Montreal (Canadá), Á. F.
Transmitía satisfacción por un buen resultado inesperado y por tener a la vista un puesto de podio. La cuarta posición en la parrilla de hoy le ofrecía a Fernando Alonso más garantías incluso que su lugar en la primera línea de Montmeló. Esta vez lleva una buena táctica y pudo conseguir un tiempo sorprendente por ser de los que mejor se adaptó a las difíciles condiciones del circuito.
«Prefiero salir cuarto con una buena estrategia que segundo como en Barcelona pero sabiendo que me pasarán en la primera parada». Según sus cálculos, su primer repostaje sería incluso posterior, «dos o tres vueltas», a los coches de cabeza.
Alonso apoya en esa teoría sus buenas sensaciones y explica que su «conducción segura» le ayudó a superar a coches más solventes, como los de Heidfeld, Kovalainen y Massa. «Había mucha goma suelta y un carril para pasar muy estrecho. Tuve la suerte de no pisarla en mis vueltas rápidas. Si lo hacías, estabas fuera».
Encontrarse con velocidades puntas muy similares a las de cabeza ayuda a abundar en el optimismo, aunque el asturiano apunta a la dificultad de mantenerse tan arriba. «Podemos ser competitivos, pero la de ellos no es nuestra carrera. El podio está ahí, más cerca, pero no se pueden cambiar los objetivos de forma tan dramática. No es lógico hablar por la mañana de lo difícil que será estar en la Q3 y por la tarde pensar en el podio». Alonso se llevó un buen premio el día que se encontró una pista que «no estaba para hacer locuras», dijo uniéndose así a las reflexiones de otros pilotos sobre el mal estado del asfalto.

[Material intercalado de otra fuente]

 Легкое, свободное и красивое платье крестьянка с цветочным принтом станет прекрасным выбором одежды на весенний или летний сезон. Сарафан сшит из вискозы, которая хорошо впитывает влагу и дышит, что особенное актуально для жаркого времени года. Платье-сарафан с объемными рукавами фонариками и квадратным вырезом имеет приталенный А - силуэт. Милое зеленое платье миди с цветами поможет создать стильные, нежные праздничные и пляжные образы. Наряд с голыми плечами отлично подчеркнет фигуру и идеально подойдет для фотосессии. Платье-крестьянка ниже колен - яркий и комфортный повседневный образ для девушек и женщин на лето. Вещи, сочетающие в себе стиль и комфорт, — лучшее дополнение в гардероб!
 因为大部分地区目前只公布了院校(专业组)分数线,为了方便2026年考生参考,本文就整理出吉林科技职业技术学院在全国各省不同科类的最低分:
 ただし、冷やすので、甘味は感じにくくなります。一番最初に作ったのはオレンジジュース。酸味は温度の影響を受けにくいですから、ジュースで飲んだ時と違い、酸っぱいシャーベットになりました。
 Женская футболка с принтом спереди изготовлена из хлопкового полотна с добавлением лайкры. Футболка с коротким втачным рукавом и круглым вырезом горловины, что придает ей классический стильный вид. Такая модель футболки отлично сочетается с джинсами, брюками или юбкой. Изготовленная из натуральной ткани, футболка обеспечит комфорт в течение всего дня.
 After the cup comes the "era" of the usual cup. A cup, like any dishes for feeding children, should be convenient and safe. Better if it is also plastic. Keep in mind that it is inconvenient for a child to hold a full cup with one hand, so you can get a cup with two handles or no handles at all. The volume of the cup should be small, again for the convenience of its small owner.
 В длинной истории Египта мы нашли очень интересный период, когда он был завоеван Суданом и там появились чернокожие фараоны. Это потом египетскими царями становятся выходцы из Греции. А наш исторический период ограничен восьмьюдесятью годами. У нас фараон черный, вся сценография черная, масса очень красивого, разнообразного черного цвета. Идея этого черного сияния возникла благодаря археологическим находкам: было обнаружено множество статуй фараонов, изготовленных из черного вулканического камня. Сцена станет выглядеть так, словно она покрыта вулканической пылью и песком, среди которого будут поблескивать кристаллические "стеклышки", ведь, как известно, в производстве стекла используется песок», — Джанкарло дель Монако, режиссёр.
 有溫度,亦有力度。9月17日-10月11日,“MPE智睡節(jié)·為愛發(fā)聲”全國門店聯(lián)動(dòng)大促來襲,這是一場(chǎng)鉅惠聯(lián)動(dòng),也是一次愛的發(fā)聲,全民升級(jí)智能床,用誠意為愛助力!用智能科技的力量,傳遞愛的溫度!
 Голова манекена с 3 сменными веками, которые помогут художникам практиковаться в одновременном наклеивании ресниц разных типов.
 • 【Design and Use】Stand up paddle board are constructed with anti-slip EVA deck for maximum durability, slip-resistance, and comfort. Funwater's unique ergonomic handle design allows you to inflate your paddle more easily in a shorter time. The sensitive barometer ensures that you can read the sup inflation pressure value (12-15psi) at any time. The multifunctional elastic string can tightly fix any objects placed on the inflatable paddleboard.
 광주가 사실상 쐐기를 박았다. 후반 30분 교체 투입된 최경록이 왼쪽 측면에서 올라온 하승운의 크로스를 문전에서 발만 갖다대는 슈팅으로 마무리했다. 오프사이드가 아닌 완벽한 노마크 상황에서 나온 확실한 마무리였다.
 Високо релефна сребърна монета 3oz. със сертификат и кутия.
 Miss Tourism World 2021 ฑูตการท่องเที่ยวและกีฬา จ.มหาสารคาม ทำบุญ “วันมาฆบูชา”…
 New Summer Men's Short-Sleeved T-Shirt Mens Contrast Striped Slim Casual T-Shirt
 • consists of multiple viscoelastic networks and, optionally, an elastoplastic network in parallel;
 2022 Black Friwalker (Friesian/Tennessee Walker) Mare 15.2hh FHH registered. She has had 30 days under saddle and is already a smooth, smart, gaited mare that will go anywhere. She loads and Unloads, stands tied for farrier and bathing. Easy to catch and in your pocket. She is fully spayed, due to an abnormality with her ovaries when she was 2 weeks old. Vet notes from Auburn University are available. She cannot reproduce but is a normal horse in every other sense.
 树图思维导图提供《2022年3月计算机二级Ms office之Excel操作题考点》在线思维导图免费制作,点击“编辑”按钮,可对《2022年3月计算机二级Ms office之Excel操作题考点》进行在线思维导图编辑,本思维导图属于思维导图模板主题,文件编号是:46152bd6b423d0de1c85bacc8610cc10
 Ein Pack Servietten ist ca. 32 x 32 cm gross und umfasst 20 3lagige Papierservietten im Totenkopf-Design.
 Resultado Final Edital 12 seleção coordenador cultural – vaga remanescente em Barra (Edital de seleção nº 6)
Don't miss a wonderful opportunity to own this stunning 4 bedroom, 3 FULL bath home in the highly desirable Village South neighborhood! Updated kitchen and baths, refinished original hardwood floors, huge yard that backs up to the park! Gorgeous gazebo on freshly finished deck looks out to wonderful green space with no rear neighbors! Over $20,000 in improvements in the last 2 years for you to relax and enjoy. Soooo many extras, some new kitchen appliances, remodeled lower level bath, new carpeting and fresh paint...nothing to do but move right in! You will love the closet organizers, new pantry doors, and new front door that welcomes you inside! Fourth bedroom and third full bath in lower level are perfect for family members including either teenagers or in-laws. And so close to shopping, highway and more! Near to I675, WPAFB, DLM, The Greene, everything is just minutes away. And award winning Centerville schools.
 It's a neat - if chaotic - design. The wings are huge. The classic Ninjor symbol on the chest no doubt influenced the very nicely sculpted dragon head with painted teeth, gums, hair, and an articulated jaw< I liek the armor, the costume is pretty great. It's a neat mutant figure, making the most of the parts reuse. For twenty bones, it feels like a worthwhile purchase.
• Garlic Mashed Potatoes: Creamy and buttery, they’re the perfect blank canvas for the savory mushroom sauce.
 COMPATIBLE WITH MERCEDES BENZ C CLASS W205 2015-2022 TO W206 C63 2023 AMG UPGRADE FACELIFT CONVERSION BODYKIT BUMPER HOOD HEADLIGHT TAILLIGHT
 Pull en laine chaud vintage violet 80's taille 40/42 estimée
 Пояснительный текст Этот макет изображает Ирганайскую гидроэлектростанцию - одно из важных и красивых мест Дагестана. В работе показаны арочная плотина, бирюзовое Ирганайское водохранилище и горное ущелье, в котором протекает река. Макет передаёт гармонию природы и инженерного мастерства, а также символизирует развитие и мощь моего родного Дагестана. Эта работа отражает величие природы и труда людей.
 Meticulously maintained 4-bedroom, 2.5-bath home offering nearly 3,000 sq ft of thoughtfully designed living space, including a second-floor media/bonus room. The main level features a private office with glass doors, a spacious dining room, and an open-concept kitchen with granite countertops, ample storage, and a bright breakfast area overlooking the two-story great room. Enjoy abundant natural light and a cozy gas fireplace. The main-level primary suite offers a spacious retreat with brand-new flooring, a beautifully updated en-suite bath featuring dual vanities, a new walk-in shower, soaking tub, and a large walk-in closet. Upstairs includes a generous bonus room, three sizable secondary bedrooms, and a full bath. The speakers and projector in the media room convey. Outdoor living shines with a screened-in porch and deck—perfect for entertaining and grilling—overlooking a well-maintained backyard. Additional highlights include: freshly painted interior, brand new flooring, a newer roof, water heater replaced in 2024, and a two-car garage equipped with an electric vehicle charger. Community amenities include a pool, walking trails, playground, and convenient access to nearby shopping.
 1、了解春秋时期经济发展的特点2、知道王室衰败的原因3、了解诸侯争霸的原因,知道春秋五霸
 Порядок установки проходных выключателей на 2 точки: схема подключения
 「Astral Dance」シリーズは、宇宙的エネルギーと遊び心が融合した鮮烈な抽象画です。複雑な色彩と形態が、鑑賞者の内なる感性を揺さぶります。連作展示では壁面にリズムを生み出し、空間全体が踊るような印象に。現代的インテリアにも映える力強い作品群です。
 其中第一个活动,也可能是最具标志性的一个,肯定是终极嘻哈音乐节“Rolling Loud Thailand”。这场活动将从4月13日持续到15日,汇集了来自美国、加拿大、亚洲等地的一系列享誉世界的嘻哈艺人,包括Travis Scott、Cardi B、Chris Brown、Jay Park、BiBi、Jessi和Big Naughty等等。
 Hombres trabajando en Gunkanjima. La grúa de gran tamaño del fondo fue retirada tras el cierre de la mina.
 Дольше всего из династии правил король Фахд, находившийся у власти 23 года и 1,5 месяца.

Pese al optimismo, Alonso no oculta las preocupaciones, como el rendimiento que puedan tener los neumáticos y los problemas de «graining». «Durante la clasificación los neumáticos se han puesto bastante mal en sólo una hora, así que durante la carrera pueden ser un problema importante, sobre todo cuando toque utilizar los compuestos más blandos, con los que habrá que rodar el menor número de vueltas posible».